No, just use the Arduino map function to generate the range you require from the RC receiver inputs. For rate mode say ±180°/s for roll, pitch and ±270°/s yaw and for auto-level use ±45°:

``````if (flightMode == STABLE)
{
rxRoll = map(airelonPulsewidth, 1075, 1869, -45, 45);
rxPitch = map(elevatorPulsewidth, 1088, 1880, -45, 45);
}
else
{
rxRoll = map(airelonPulsewidth, 1076, 1872, -180, 180);
rxPitch = map(elevatorPulsewidth, 1088, 1889, -180, 180);
}
int rxYaw = map(rudderPulsewidth, 1076, 1873, -270, 270);
``````

Also have I got it correct: There should be two loops in the PID, the inner controls the yaw using angular rate and the outer two loops control the pitch and roll in angles? I have seen this advice somewhere else too where they are telling to use cascaded PID.

Yes, three inner rate PID control loops for pitch, roll and yaw and two further outer angle control loops for pitch and roll only, yaw continues to use only the rate control loop, as you can't estimate yaw angle (heading) without a compass (magnetometer). The output of the outer control loops act as the set points of the inner.

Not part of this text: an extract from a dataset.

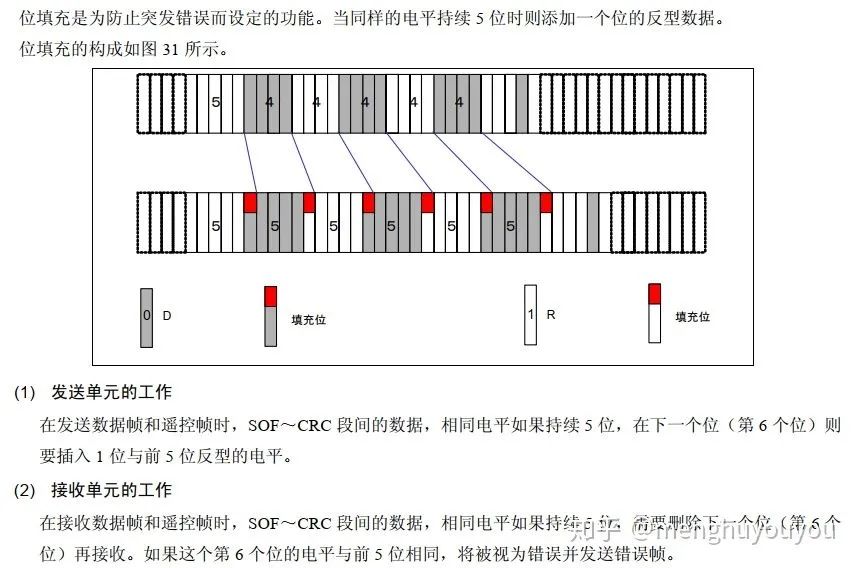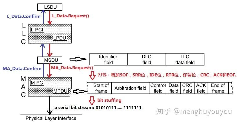 数据包,包括:接收LLC数据框架,计算CRC序列,建立MAC数据框架(即SOF、SRR、IDE、RTR、保留、CRC、ACK和EOF加上LLC数据框架)。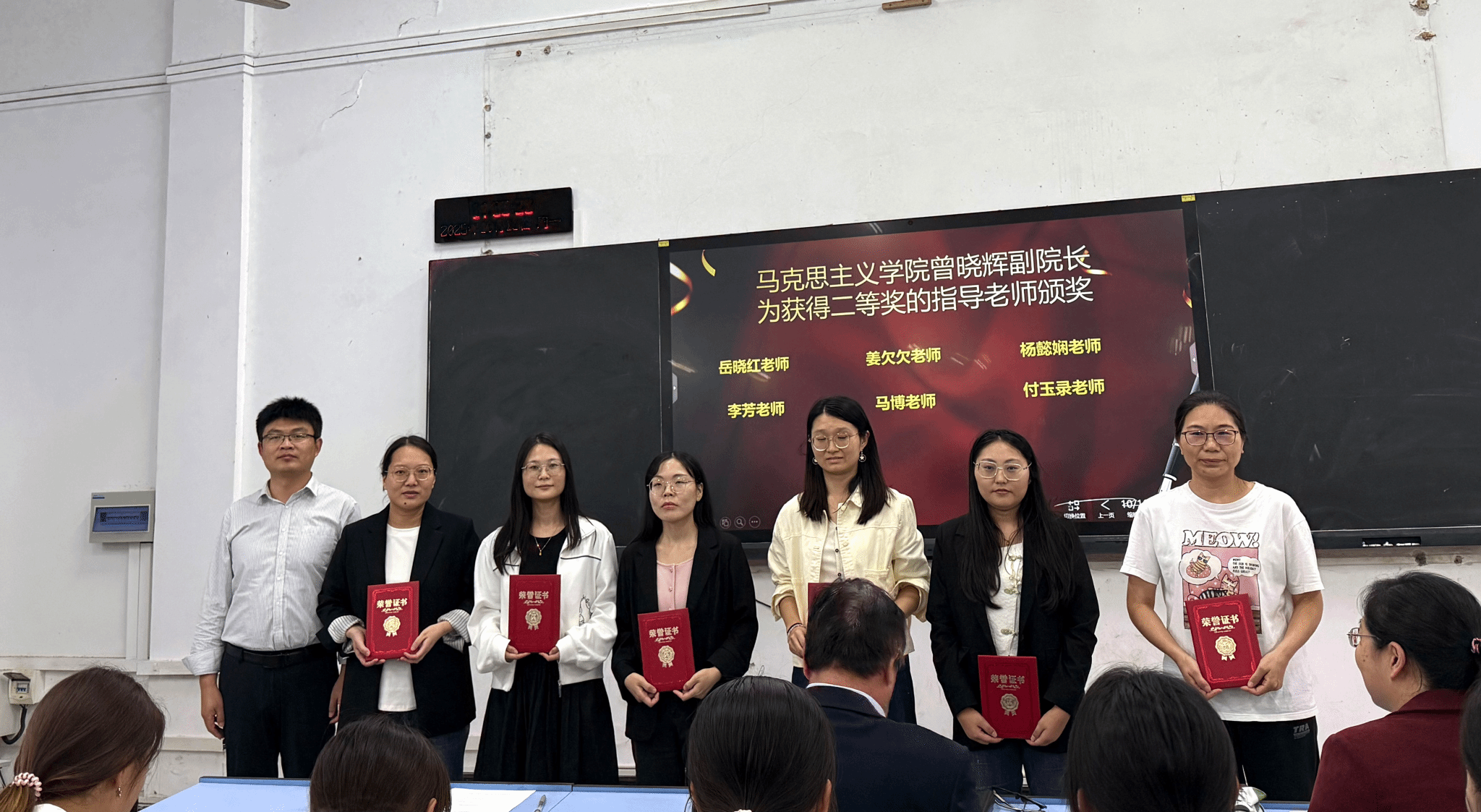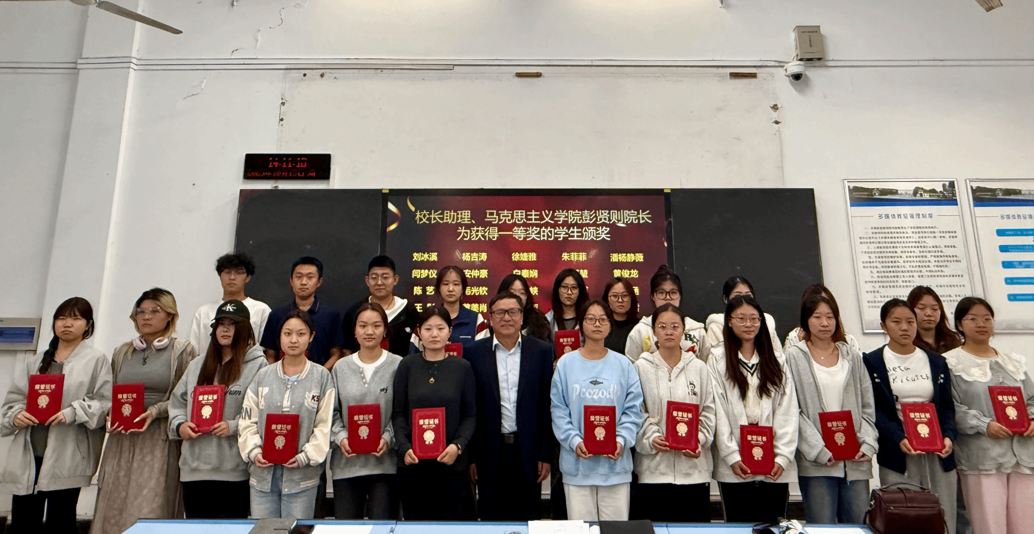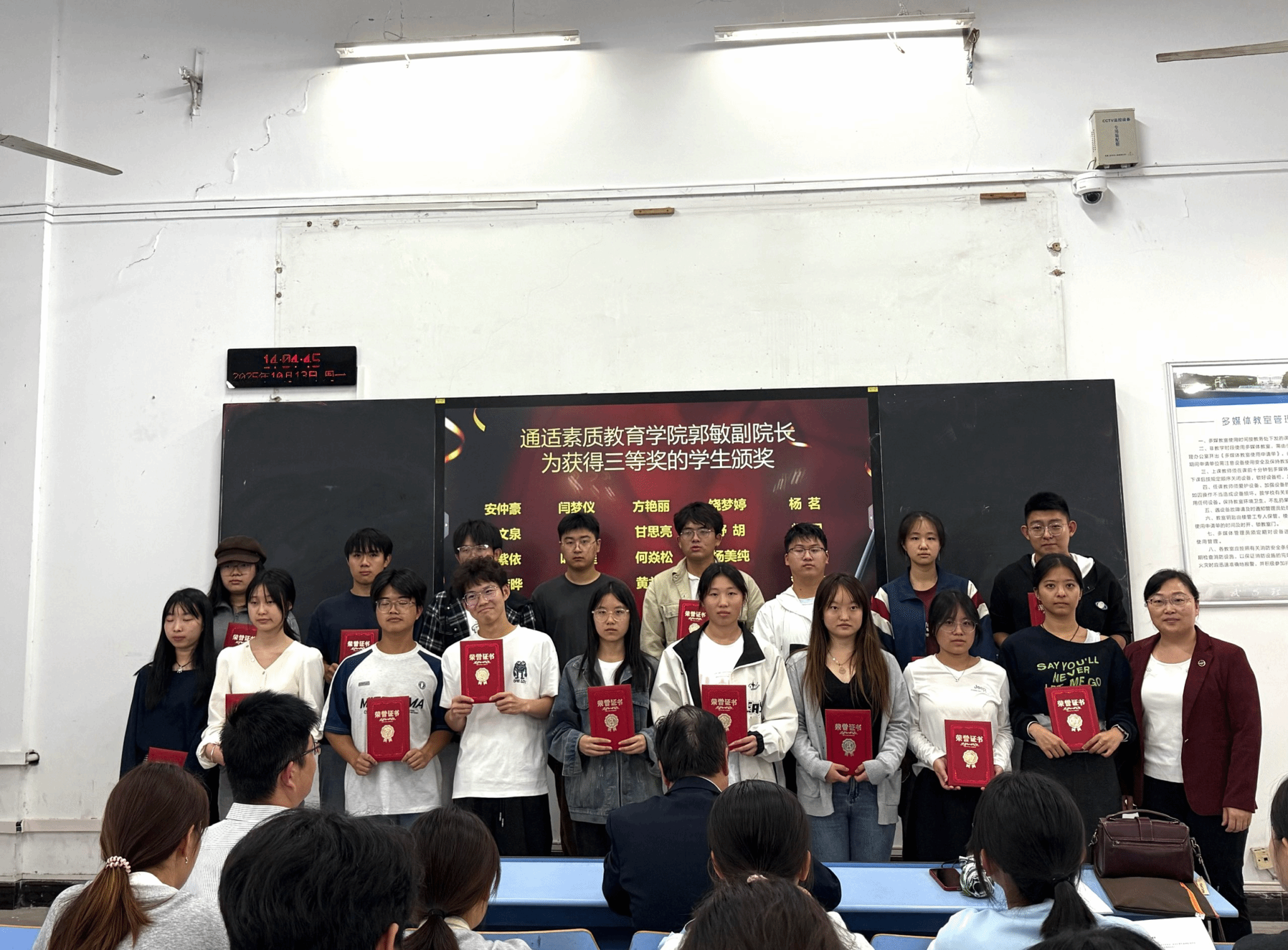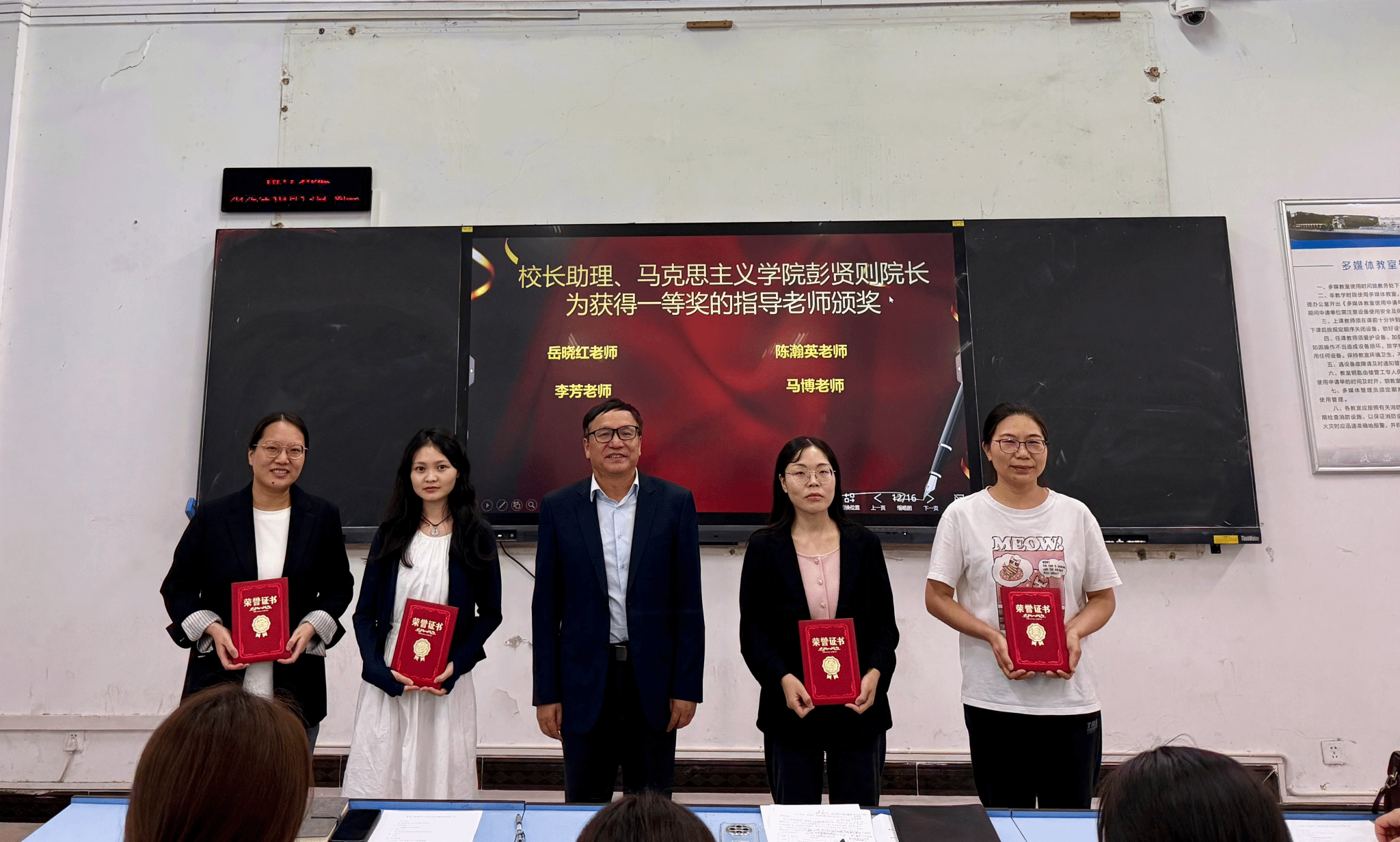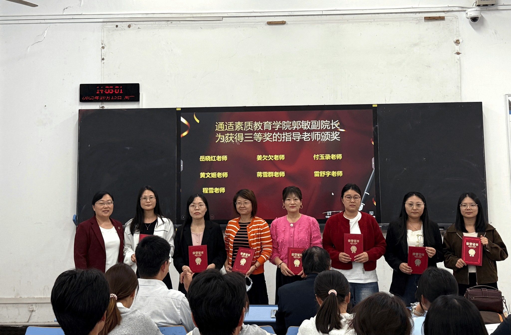 彭贤则校长助理、曾晓辉副院长、郭敏副院长分别为获得一、二、三等奖的学生及指导教师颁发荣誉证书和奖品,并合影留念。现场气氛热烈,掌声不断。

But what should be the output from these two different PID loops because the units are different: the inner uses degrees/sec and outer uses degrees. So how do I set the setpoints in such a scenario?

I pondered on this question for quite a while, but the answer is that the PID control loop doesn't know or care what units you're working in, so long as the set point (pilot input) and measured input (gyroscope) are comparable. As the output is scaled by your control loop gain, it can be in whatever units you want it to be, so long as the output is within the expected range of whatever you're trying to control.

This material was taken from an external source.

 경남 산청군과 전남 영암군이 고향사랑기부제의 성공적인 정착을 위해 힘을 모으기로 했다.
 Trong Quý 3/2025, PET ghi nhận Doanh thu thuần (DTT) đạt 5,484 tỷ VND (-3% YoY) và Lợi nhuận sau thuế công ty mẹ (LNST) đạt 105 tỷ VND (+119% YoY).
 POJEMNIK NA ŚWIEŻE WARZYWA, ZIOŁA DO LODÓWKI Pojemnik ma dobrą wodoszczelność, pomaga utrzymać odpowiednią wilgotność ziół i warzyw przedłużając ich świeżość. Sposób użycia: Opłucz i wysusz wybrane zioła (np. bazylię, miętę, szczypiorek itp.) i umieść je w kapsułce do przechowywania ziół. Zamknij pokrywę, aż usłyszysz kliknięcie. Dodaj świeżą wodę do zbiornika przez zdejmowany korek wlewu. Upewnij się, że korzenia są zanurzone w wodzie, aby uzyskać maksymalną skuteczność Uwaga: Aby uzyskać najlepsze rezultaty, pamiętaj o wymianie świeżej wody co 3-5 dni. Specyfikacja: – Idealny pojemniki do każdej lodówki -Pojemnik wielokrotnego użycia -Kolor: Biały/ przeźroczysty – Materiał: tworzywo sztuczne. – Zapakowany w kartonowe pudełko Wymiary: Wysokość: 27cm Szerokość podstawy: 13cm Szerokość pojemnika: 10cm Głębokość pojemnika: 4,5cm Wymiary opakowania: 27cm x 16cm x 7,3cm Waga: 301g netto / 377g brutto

For example your outer loops take the desired input roll and pitch angle from the pilot, (where you want to be) and compares to your measured input from you angle estimation, (where you are now). If we only consider the proportional gain, in other words the P bit of the control loop then we simply subtract the gyroscope from the pilot input and multiply by the P gain. The outer control loop doesn't know what units the output is in, you're simply scaling the gain until the output meets the expected range of whatever you're controlling, in our case the set point of an inner PID loop. The inner control loop compares this value with the measure rate from the gyroscope. Likewise the units output from the inner control loops happen to be values in microseconds (µs) that are added or subtracted during motor mixing.

Personally, I'd start off by implementing rate mode. Converting the pilot input to degrees per second, or whatever units you prefer, using only the gyroscope as the measured input and implement the inner control PID loops. The tricky bit is finding the correct gain values for your PIDs, although initially you should be able to get the quad airborne using only the P gain, then add I (Integral) gain afterwards.